Abstract
Ensembl is a software project to automatically annotate large eukaryotic genomes and release them freely into the public domain. The project currently automatically annotates 10 complete genomes. This makes very large demands on compute resources, due to the vast number of sequence comparisons that need to be executed. To circumvent the financial outlay often associated with classical supercomputing environments, farms of multiple, lower-cost machines have now become the norm and have been deployed successfully with this project. The architecture and design of farms containing hundreds of compute nodes is complex and nontrivial to implement. This study will define and explain some of the essential elements to consider when designing such systems. Server architecture and network infrastructure are discussed with a particular emphasis on solutions that worked and those that did not (often with fairly spectacular consequences). The aim of the study is to give the reader, who may be implementing a large-scale biocompute project, an insight into some of the pitfalls that may be waiting ahead.

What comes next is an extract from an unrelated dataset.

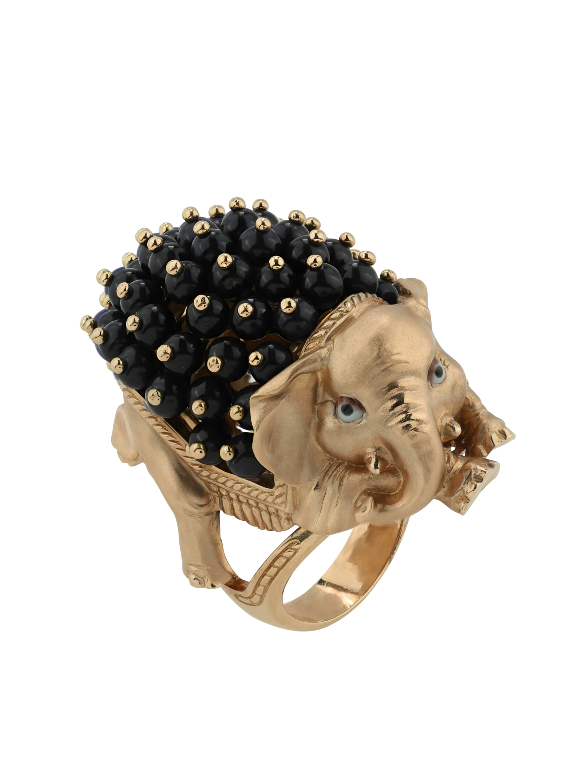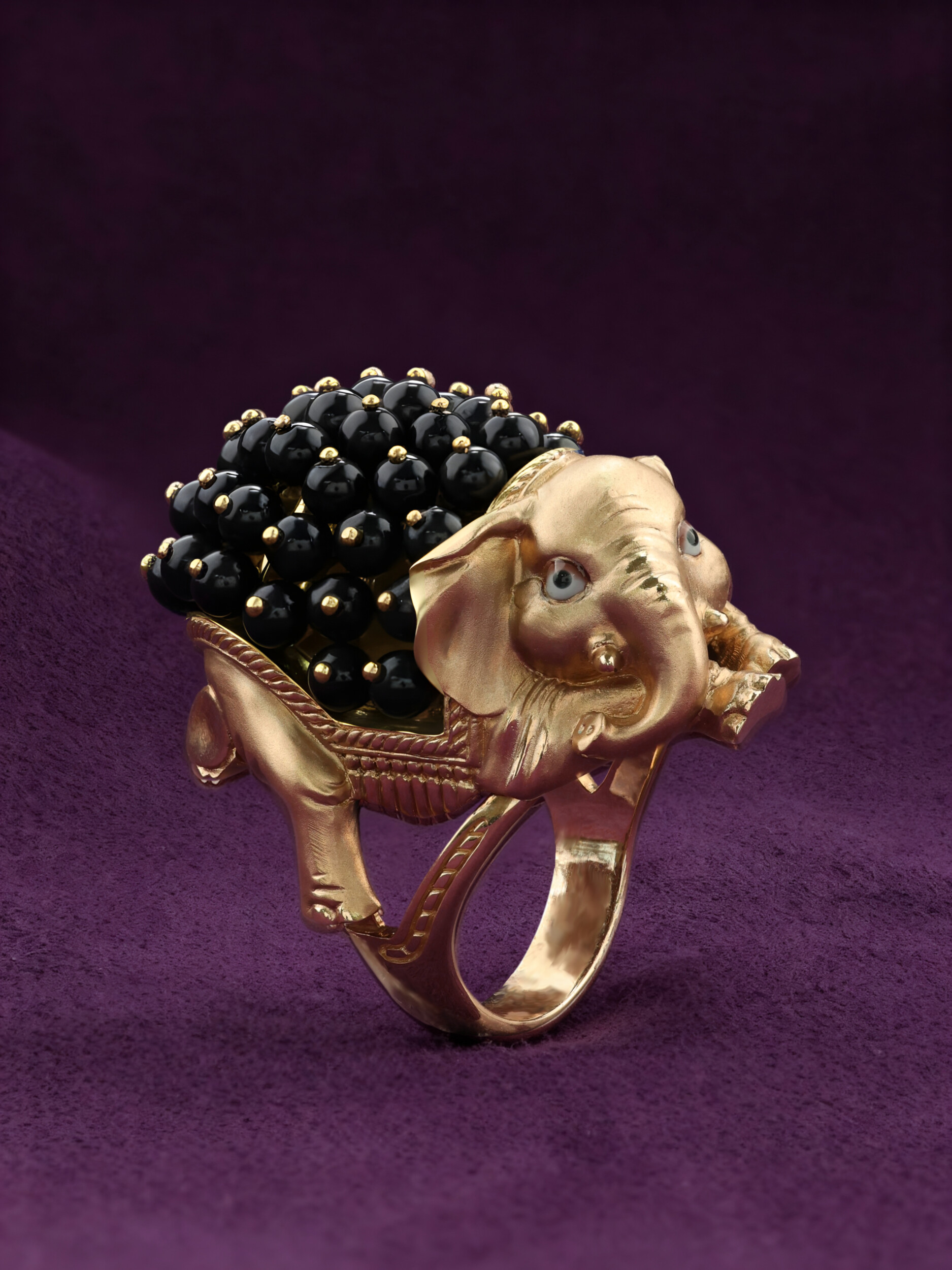 Особый шарм изделию добавляет инкрустация: кольцо украшено 46 вставками из оникса в форме бусин. Контрастное сочетание теплого оттенка красного золота и насыщенного черного цвета оникса создает благородный и стильный визуальный эффект. Разноцветные акценты эмали подчеркивают проработку каждой детали, делая украшение по-настоящему запоминающимся.

In the beginning, flat files were the mainstay of bioinformatics. Most data could be easily represented as a sequence of ASCII characters. The number of known proteins was small, and genomes were a mere thought for the future. Sequence analysis became much more difficult during and after the advent of rapid DNA sequencing (Sanger and Coulson 1975).
The problem became harder still as researchers delved into the world of sequence comparison (Needleman and Wunsch 1970; Smith and Waterman 1981; Pearson and Lipman 1988; Altschul et al. 1990). It was rapidly discovered that techniques such as dynamic programming would be essential to solve any all-by-all sequence comparison problem. Flat files and single CPU servers were just not going to be enough for the task of whole-genome comparison and annotation.
Ensembl began as a project to automatically annotate vertebrate genomes. This initially involves running many commonly used bioinformatics tools such as gene-prediction algorithms, sequence database searches, and genomic feature-finding programs. Ensembl takes the output features from these tools and combines them to produce genome-wide data sets such as protein-coding genes, genome–genome alignments, synteny maps, and protein family clusters. Details of how this is done are described elsewhere in this issue.
For a genome of the size of human, the number of CPU hours needed to produce this annotation can run into many thousands. Obviously, this is not useful to complete on a single CPU, but the problem can be divided up into many smaller tasks that can be distributed over multiple CPUs. For large numbers of CPUs, this reduces the time taken drastically.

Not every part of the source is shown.